FUNCTION parse_bool(value: String) → Bool:
    lowercase = value.toLowerCase()

    IF lowercase IN ["true", "1", "yes"]:
        RETURN true
    ELSE IF lowercase IN ["false", "0", "no"]:
        RETURN false
    ELSE:
        THROW ParseException("Invalid boolean value: {value}")

7. Event System & Interceptors

7.1 Event Architecture

Design Pattern: Observer Pattern with Event Dispatcher

Worker Execution → Event Publishing → Multiple Listeners
                                    ├─ MetricsCollector
                                    ├─ SLA Monitor
                                    ├─ Audit Logger
                                    └─ Custom Handlers

7.2 Event Types

Must Implement ALL 7 events:

// Polling events
class PollStarted extends Event {
    String taskType
    String workerId
    Int pollCount  // Number of tasks requested
    Timestamp timestamp
}

class PollCompleted extends Event {
    String taskType
    Float durationMs
    Int tasksReceived
    Timestamp timestamp
}

class PollFailure extends Event {
    String taskType
    Float durationMs
    Exception cause
    Timestamp timestamp
}

// Execution events
class TaskExecutionStarted extends Event {
    String taskType
    String taskId
    String workerId
    String workflowInstanceId
    Timestamp timestamp
}

class TaskExecutionCompleted extends Event {
    String taskType
    String taskId
    String workerId
    String workflowInstanceId
    Float durationMs
    Int outputSizeBytes
    Timestamp timestamp
}

class TaskExecutionFailure extends Event {
    String taskType
    String taskId
    String workerId
    String workflowInstanceId
    Exception cause
    Float durationMs
    Timestamp timestamp
}

// Update events
class TaskUpdateFailure extends Event {
    String taskType
    String taskId
    String workerId
    String workflowInstanceId
    Exception cause
    Int retryCount
    TaskResult taskResult  // For recovery
    Timestamp timestamp
}

7.3 Event Dispatcher

class EventDispatcher {
    Map<EventType, List<EventListener>> listeners

    FUNCTION register(eventType: Type, listener: Function):
        listeners[eventType].append(listener)

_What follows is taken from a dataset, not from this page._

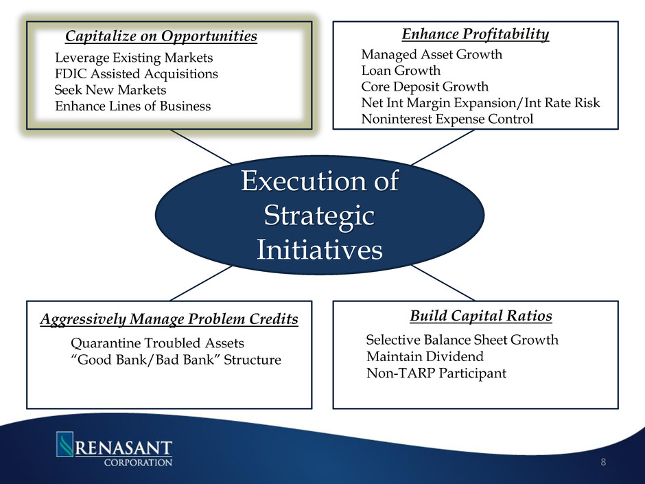 • Since opening the Knoxville/Maryville MSA location in late 2Q12, East Tennessee operations currently have 4 full- service branches, $146 million in loans and $70 million in deposits • Added new lending teams in both Memphis and Nashville during 2013 • Tennessee ranked 7th best state to do business according to Area Development magazine Driven by VW, Nissan and GM, Tennessee was named as the #1 state in the nation for automotive manufacturing strength for a 3rd consecutive year according to Business Facilities Magazine The unemployment rate continues to improve for the state with the rate declining to 7.6% down from 9.1% on a year over year basis • In the Nashville market, Hospital Corporation of American has announced an expansion that will create 2,000 jobs over the next five years The Nashville housing market continues sustainability as sales increased 23.4% year-over-year The median home price increased approximately 6% on a year-over-year, with average price/sq. ft. increasing 49.3% • The Memphis MSA market ranked #1 for Logistics Leaders both nationally and globally Bass Pro Shops announced their intention to build a $70M hotel in conjunction with their Pyramid flagship store Electrolux has begun the hiring of some 1,200 workers from its expansion announcement in 2010 The housing market continues to improve in the Memphis market as home sales increased on a year-over-year basis by approximately 16% with median sales prices up slightly • Y-O-Y net loans grew 20% at the end of 4Q13 • Merger with First M&F provided approximately $55M in loans, $36M in deposits and 2 branches 7 Nashville Memphis Knoxville
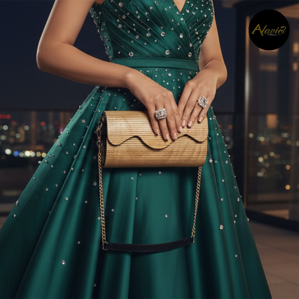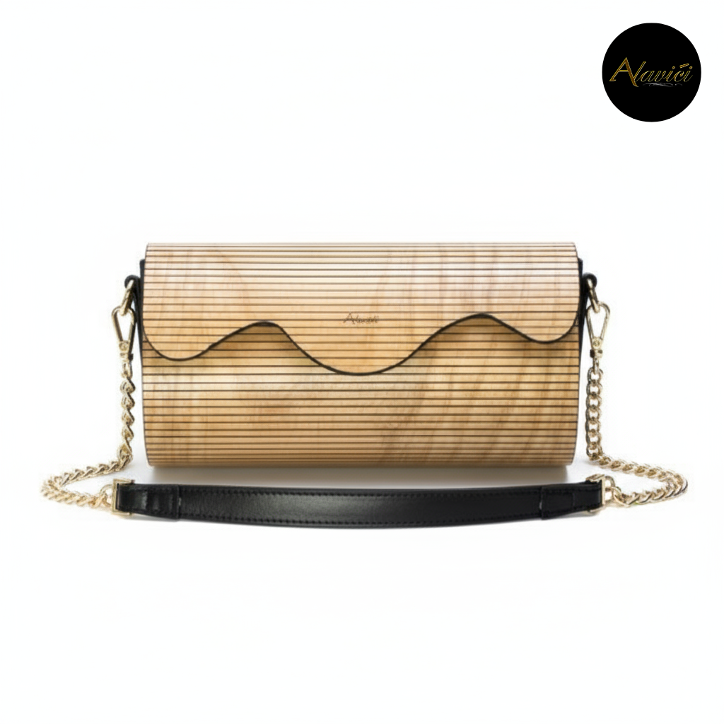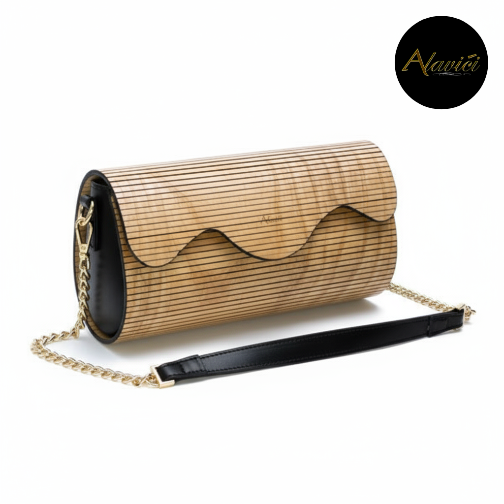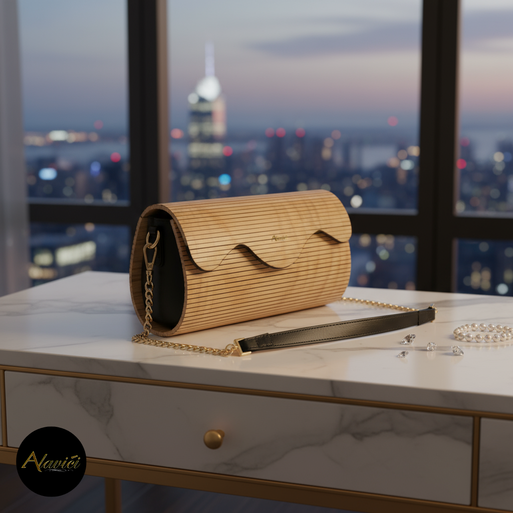 Introducing the Alavici ZS-WB008B “Tiffany” — an exquisite, slim zip-wrap clutch handcrafted from dyed wood with an opulent Tiffany-teal finish. Inside, buttery vegan leather cushions your essentials; outside, the wood’s fine grain and gold hardware make a quiet, unmistakable statement. Designed for the discerning client who prizes rarity, tactility and refined understatement.

    FUNCTION publish(event: Event):
        event_listeners = listeners[event.type]

        // Publish synchronously (simple) or asynchronously (non-blocking)
        // Choice depends on language capabilities

        FOR listener IN event_listeners:
            TRY:
                listener(event)
            CATCH Exception as error:
                // Isolate listener failures - don't affect task execution
                log_error("Event listener failed: {error}")
}

7.4 Event Listener Protocol

interface TaskRunnerEventsListener {
    on_poll_started(event: PollStarted)
    on_poll_completed(event: PollCompleted)
    on_poll_failure(event: PollFailure)
    on_task_execution_started(event: TaskExecutionStarted)
    on_task_execution_completed(event: TaskExecutionCompleted)
    on_task_execution_failure(event: TaskExecutionFailure)
    on_task_update_failure(event: TaskUpdateFailure)
}

All methods optional - implement only what's needed.

8. Task Definition & Schema Registration

8.1 Task Definition Registration

When: Worker startup (if register_task_def=true)

FUNCTION register_task_definition():
    task_name = worker.task_definition_name

    log_info("Registering task definition: {task_name}")

    TRY:
        metadata_client = create_metadata_client()

        // Generate JSON schemas from function signature
        schemas = generate_json_schemas(worker.execute_function, strict_schema)

        // Register schemas if generated
        input_schema_name = null
        output_schema_name = null

        IF schemas.input is not null:
            input_schema_name = "{task_name}_input"
            register_schema(input_schema_name, version=1, data=schemas.input)
            log_info("Registered input schema: {input_schema_name}")

        IF schemas.output is not null:
            output_schema_name = "{task_name}_output"
            register_schema(output_schema_name, version=1, data=schemas.output)
            log_info("Registered output schema: {output_schema_name}")

        // Create TaskDef
        IF worker.task_def_template is not null:
            // Use provided template (retry, timeout, rate limits)
            task_def = deep_copy(worker.task_def_template)
            task_def.name = task_name  // Override name
        ELSE:
            // Create minimal TaskDef
            task_def = TaskDef(name=task_name)

        // Link schemas
        IF input_schema_name:
            task_def.input_schema = {name: input_schema_name, version: 1}
        IF output_schema_name:
            task_def.output_schema = {name: output_schema_name, version: 1}

        // Register or update based on overwrite_task_def flag
        IF worker.overwrite_task_def:
            // Always update (overwrites existing)
            TRY:
                metadata_client.update_task_def(task_def)
                log_info("Registered/Updated task definition: {task_name}")
            CATCH NotFoundError:
                // Task doesn't exist, register new
                metadata_client.register_task_def(task_def)
                log_info("Registered task definition: {task_name}")
        ELSE:
            // Only create if doesn't exist
            existing = metadata_client.get_task_def(task_name)
            IF existing:
                log_info("Task definition exists - skipping (overwrite=false)")
                RETURN

            metadata_client.register_task_def(task_def)
            log_info("Registered task definition: {task_name}")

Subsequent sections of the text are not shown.